The technology was proposed by Kajima Corp, , a construction company already heavily involved in the clean-up.
Experts say maintaining the ground temperatures for months or years would be costly. The plan is to freeze a 1.4 km (nearly one mile) perimeter around the four damaged reactors by drilling shafts into the ground and pumping coolant through them.
"Right now there are no details (of the project yet). There's no blueprint, no nothing yet, so there's no way we can scrutinise it," said Shinji Kinjo, head of the task force set up by the nuclear regulator to deal with the water issue.

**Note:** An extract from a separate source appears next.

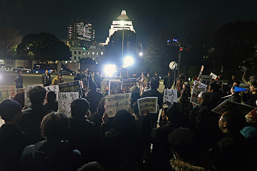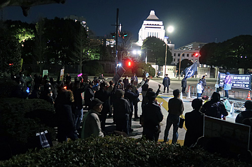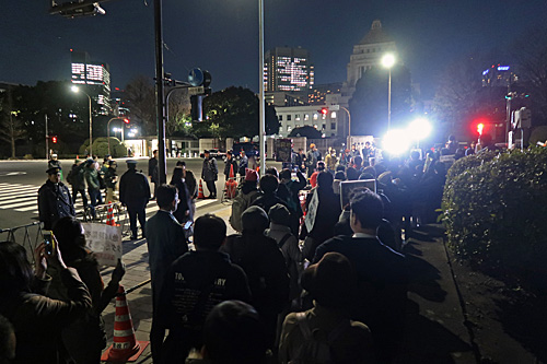 今夜は、経産省前→国会前→首相官邸前→国会前とまわりました。
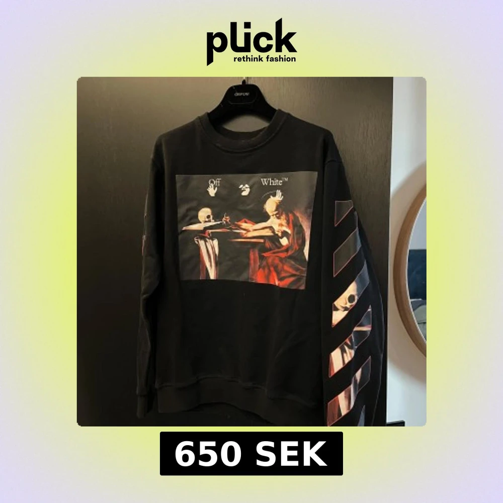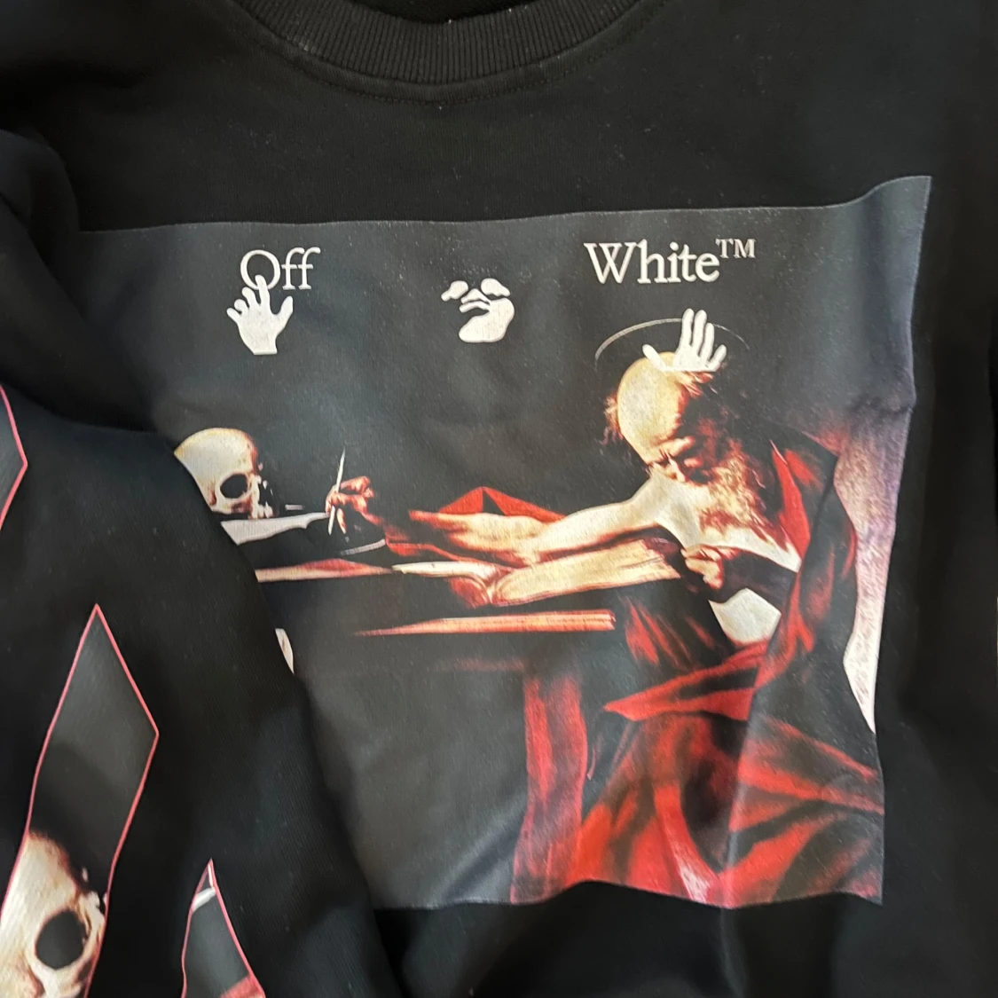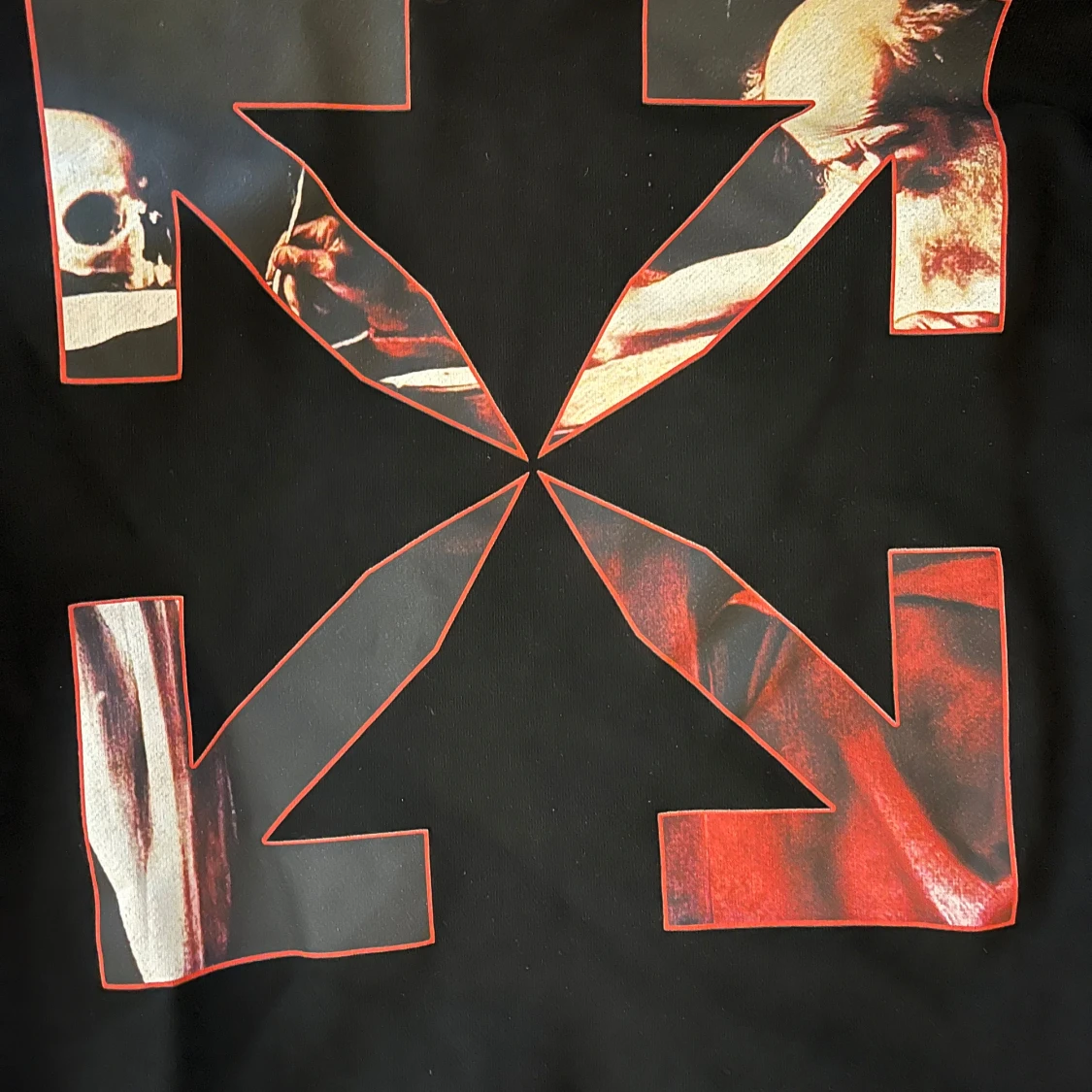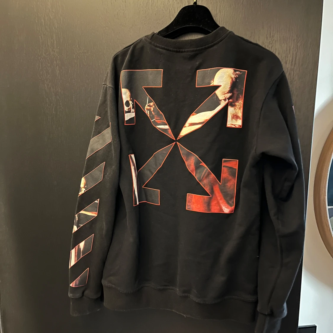 Riktigt stilig sweatshirt från Off White med röt Caravaggio tryck på ryggen, armarna och bröstet. Den är storlek S. Hör av er om ni har frågor eller funderingar.

Fukushima Nuclear Plant Video, Slide Show
The Huffington Post Has additional details as well as a video and slideshow in Fukushima Leak Is An 'Emergency,' Watchdog Official Says
Tokyo Electric Power Co. (TEPCO), the plant's operator, admitted last month that contaminated water from Fukushima had leaked into the underground water system and reached the sea. The company gave its first estimate of the extent of the leak this weekend.
According to AFP, TEPCO estimates between 20 trillion and 40 trillion becquerels of radioactive tritium have spilled into the ocean.
UPI explains a becquerel is a unit of radioactivity, "the quantity of radioactive material in which one nucleus decays per second."
TEPCO long denied radioactive water had been leaking into the ocean, the AP notes, despite reports that biologists had found traces of radioactive cesium in fish. The operator eventually admitted to both the leak and having postponed acknowledgment the crisis.
There is no credibility from TEPCO or the Japanese government on the extent of the real disaster, its effects, the ultimate cleanup costs, or how many years fish in the area will be contaminated. In addition, contaminated fish may turn up anywhere within their normal swimming range with obvious implications.